Song by King Crimson

from the album In the Court of the Crimson King
- Released: 12 October 1969
- Recorded: 31 July 1969
- Genre: Progressive rock; avant-garde; art rock; free improvisation;
- Length: 12:13 (album version) 9:02 (2009 remix, edited version);
- Label: Atlantic
- Composers: Robert Fripp; Ian McDonald; Greg Lake; Michael Giles;
- Lyricist: Peter Sinfield
- Producer: King Crimson

= Moonchild (King Crimson song) =

"Moonchild" is the fourth track from British progressive rock band King Crimson's debut album, In the Court of the Crimson King.

After having been rehearsed in 2013–2014 by King Crimson VIII, the song made its live debut after 48 years on 18 October 2017 in Austin, Texas.

== Composition ==
The first section, "The Dream", is a mellotron-driven ballad, but after two and a half minutes it changes to a completely free-form instrumental improvisation by Fripp, Giles and McDonald (called "The Illusion"), which lasts until the end of the song. At 9:50 min., Fripp played a twelve-second passage reminiscent of The Surrey with the Fringe on Top. In the 2009 remix of the album, the track was edited by Fripp and colleague Steven Wilson, with around 2:50 minutes of the original improvisation (the reference by Fripp to "The Surrey With the Fringe on Top") being removed. This issue of the album does, however, offer the original version as a bonus track.

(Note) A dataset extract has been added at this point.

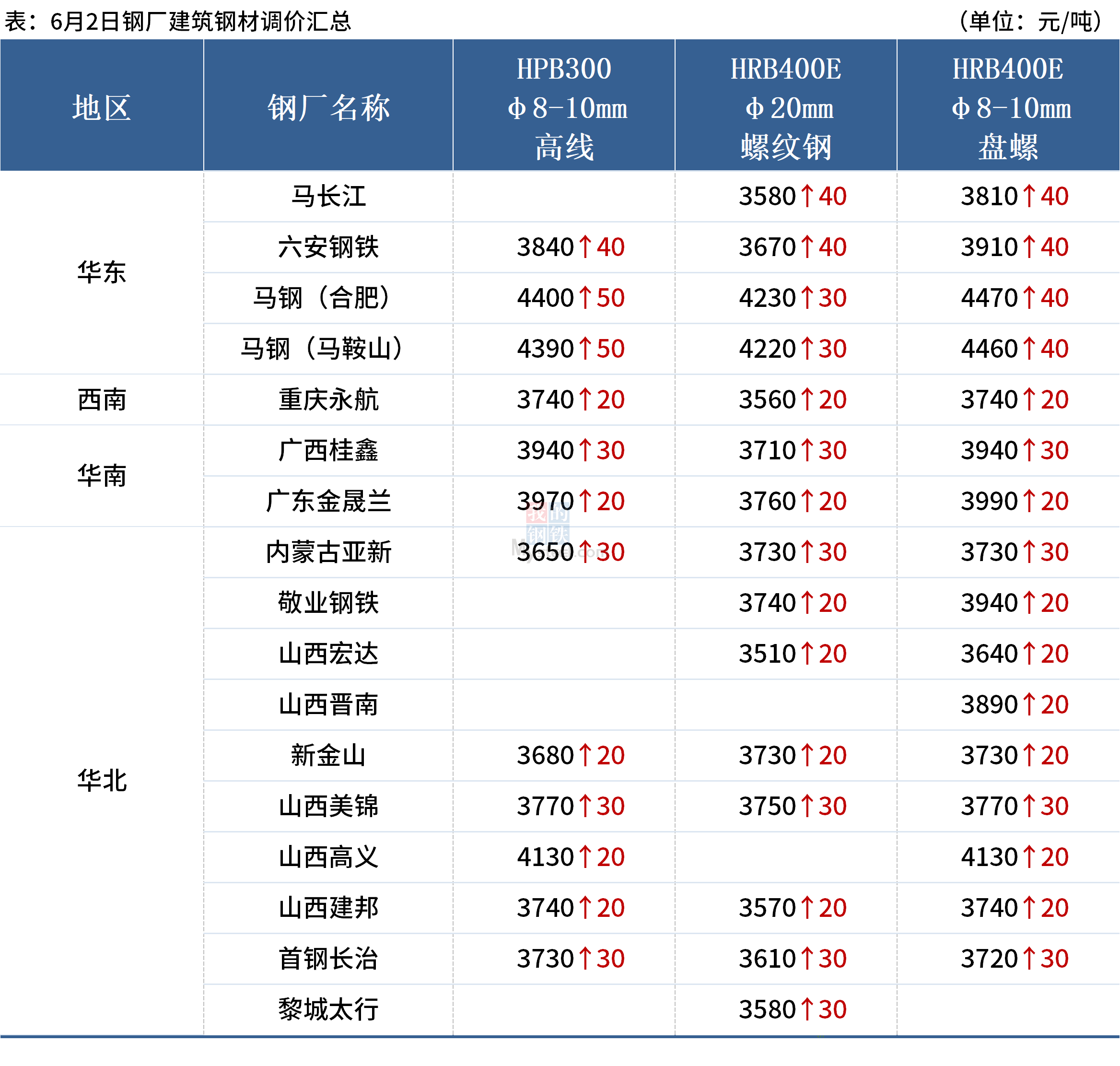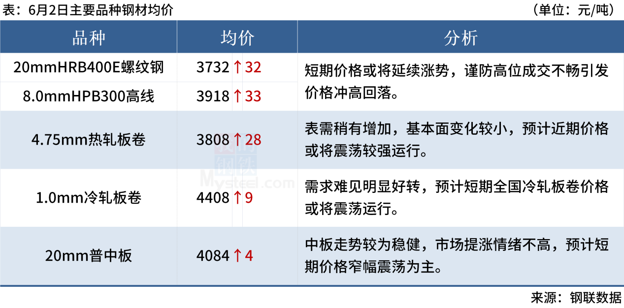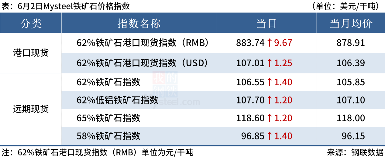 ◎ 6月2日,全国主港铁矿石成交89.15万吨,环比减7.9%;237家主流贸易商建材成交18.90万吨,环比增5%。
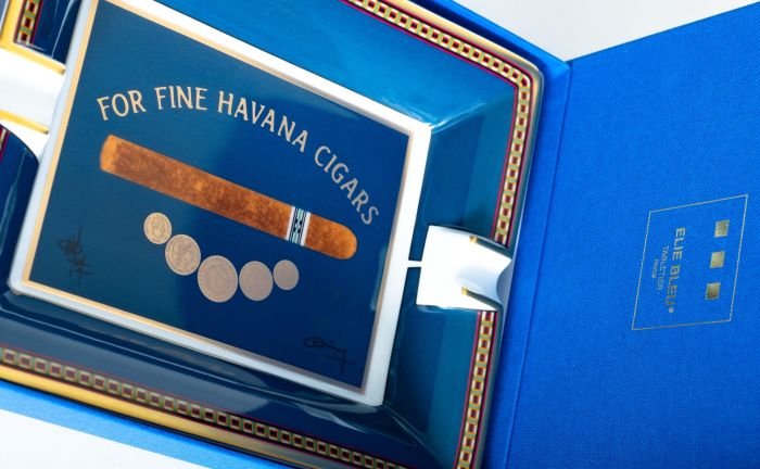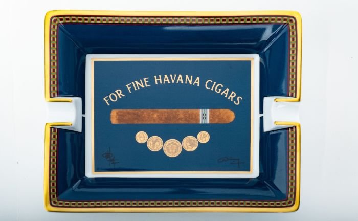 The porcelain ashtray Elie Bleu is made in one of the oldest and most famous manufactories in Limoges. The very high porcelain bag in combination with the colorful design make the ashtrays a bestseller. Porcelain ashtray “Medal”, Limoges.

The song contains drummer Michael Giles performing a unique alternation between the ride cymbals, which was praised by music critics and writers. The song was described as a "space jam." Giles describes the radical "Moonchild" as "an opportunity. We had recorded the material that we wanted to be on the album, so we thought, why not record something that is not improvisation in a jazz way, but is free of structure? You are just dealing with time and space. Music, of all the art forms, is just abstract; you can't pick it up or hold it, or put it on the wall. We started off with this little ditty and then we just took off into outer space, into nothingness, to see what happened. If it had been rubbish we wouldn't have left it on there. I keep looking at the other side of things. What about if we hadn't done it? What about if it wasn't there?"

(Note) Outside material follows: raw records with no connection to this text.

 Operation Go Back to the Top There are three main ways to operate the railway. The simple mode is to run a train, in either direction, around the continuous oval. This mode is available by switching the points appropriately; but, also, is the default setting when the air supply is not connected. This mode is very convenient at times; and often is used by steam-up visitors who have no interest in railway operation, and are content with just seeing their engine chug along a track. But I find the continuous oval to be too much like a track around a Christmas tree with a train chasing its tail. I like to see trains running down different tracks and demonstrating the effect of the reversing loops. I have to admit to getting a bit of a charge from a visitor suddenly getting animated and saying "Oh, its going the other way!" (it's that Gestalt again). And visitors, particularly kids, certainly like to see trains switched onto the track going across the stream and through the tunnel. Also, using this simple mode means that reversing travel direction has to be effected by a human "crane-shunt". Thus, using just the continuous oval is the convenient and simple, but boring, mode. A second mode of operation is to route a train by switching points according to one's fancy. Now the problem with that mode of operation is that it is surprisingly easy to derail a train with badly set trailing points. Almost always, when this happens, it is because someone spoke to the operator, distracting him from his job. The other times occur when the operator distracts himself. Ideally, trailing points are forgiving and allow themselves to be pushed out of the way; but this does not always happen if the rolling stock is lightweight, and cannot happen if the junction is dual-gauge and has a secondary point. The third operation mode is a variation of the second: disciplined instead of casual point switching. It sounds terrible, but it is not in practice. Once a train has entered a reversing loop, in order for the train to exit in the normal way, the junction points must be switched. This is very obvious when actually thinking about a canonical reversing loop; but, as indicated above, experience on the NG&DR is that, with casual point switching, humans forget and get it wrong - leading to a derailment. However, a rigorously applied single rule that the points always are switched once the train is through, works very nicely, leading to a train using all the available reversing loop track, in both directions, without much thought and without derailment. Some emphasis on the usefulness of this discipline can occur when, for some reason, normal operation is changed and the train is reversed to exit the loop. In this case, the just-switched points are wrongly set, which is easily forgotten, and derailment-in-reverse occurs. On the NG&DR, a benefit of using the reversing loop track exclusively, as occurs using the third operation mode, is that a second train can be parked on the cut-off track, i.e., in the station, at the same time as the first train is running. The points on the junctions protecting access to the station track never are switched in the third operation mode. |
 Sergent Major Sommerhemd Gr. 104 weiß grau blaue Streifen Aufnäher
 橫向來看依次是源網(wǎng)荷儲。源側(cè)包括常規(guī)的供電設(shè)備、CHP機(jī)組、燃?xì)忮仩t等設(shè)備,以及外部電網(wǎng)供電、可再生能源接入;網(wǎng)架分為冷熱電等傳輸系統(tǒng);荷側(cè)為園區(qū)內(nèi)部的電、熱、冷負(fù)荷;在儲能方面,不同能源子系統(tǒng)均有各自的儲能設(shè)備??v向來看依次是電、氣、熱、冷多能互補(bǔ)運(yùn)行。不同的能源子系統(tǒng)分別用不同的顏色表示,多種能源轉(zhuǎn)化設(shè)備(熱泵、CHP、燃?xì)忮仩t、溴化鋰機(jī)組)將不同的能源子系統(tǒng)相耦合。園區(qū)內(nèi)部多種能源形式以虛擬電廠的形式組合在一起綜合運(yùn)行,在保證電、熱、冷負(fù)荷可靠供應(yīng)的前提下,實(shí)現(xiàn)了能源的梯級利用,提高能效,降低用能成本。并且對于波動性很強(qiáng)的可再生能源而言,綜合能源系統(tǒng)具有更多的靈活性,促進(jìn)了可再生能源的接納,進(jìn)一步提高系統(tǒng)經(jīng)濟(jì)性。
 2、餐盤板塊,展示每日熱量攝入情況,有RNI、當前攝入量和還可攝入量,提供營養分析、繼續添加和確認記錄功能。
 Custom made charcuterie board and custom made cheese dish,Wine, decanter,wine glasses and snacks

"What is rarely ever mentioned about In the Court of the Crimson King is that a quarter of its running time is given over to free improvisation," writes Mike Barnes in his book A New Day Yesterday: UK Progressive Rock & the 70s (2020), adding: Moonchild' rarely got more than a passing mention in contemporary reviews and is still barely mentioned in more recent commentaries. One gets the feeling that it was a track that some listeners would skip – in the way that Beatles fans might have passed on 'Revolution 9' – but in its own contemplative way, 'Moonchild' was both beautifully played and the most adventurous track by a British rock group to date."

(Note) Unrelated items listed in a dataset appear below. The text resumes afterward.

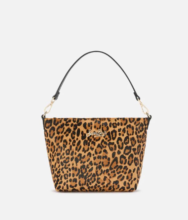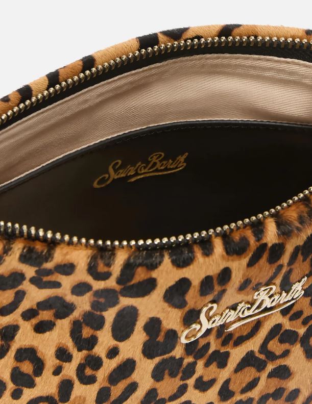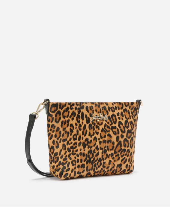 Borsa MC2 Saint Barth a spalla Aline Bag in pelle spazzolata e cavallino leopardato
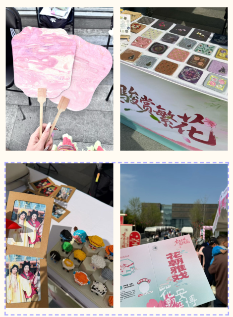 活动现场,公司学子精心筹备的原创文创、手工作品惊艳亮相春日市集,造型精巧、兼具文化元素的作品吸引了大批游客驻足参观、互动体验。学院网络与新媒体专业学子主动担当,发挥专业优势为现场人员提供全程专业摄影服务,用镜头捕捉花朝雅韵、定格活动中的精彩瞬间,为参与者留下了珍贵的影像记忆。在面塑、糖塑、水墨染扇等非遗手工体验环节,同学们满怀热忱、认真钻研,亲手操作、亲身感受,在指尖的灵动中体悟传统手工艺的匠心与温度,近距离领略非遗文化的独特魅力。
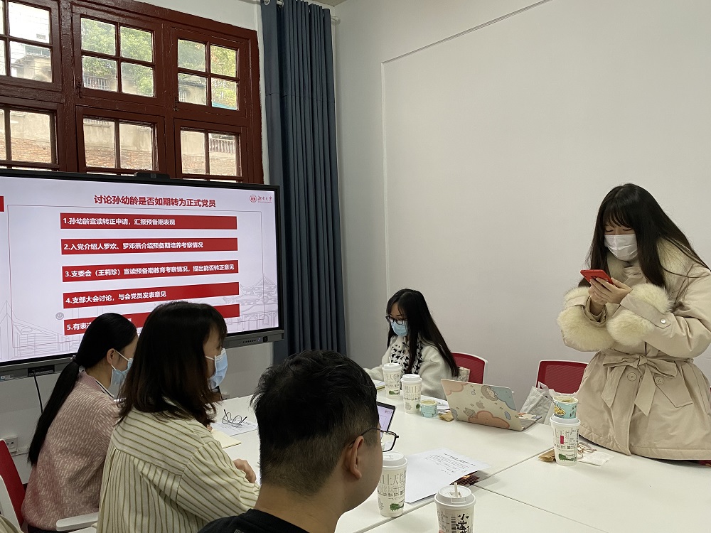 支部严格按照发展党员相关流程,分别对刘智鑫、孙幼龄同志转正事宜进行讨论表决。按照预备党员转正流程,刘智鑫、孙幼龄两位同志依次汇报个人情况、宣读转正申请,随后入党介绍人介绍预备期培养考察情况,支委会宣读预备期教育考察情况,与会其他党员发表意见,现场无记名投票表决。经过支部大会讨论并投票表决,刘智鑫、孙幼龄同志如期转为中共正式党员。
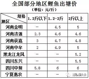下面是全国部分淡水鱼出塘价格,有出鱼需要的朋友可以参考:

The song was used in the 1998 movie Buffalo '66, in the scene in which Christina Ricci tap dances at the bowling alley.

==Personnel==
- Robert Fripp – electric guitar
- Ian McDonald – Mellotron, vibraphone, woodwind
- Greg Lake – vocals
- Michael Giles – drums, percussion
- Peter Sinfield – lyrics

==Sources==
- Barker, David (2006). "33 1/3 Greatest Hits, Volume 1"
- Everett, Walter (2008). "The Foundations of Rock : From "Blue Suede Shoes" to "Suite: Judy Blue Eyes": From "Blue Suede Shoes" to "Suite: Judy Blue Eyes""
- Macan, Edward (1997). "Rocking the Classics: English Progressive Rock and the Counterculture"
- Martin, Bill (1998). "Listening to the Future: The Time of Progressive Rock, 1968-1978"
- Smith, Chris (2009). "One Hundred One Albums that Changed Popular Music"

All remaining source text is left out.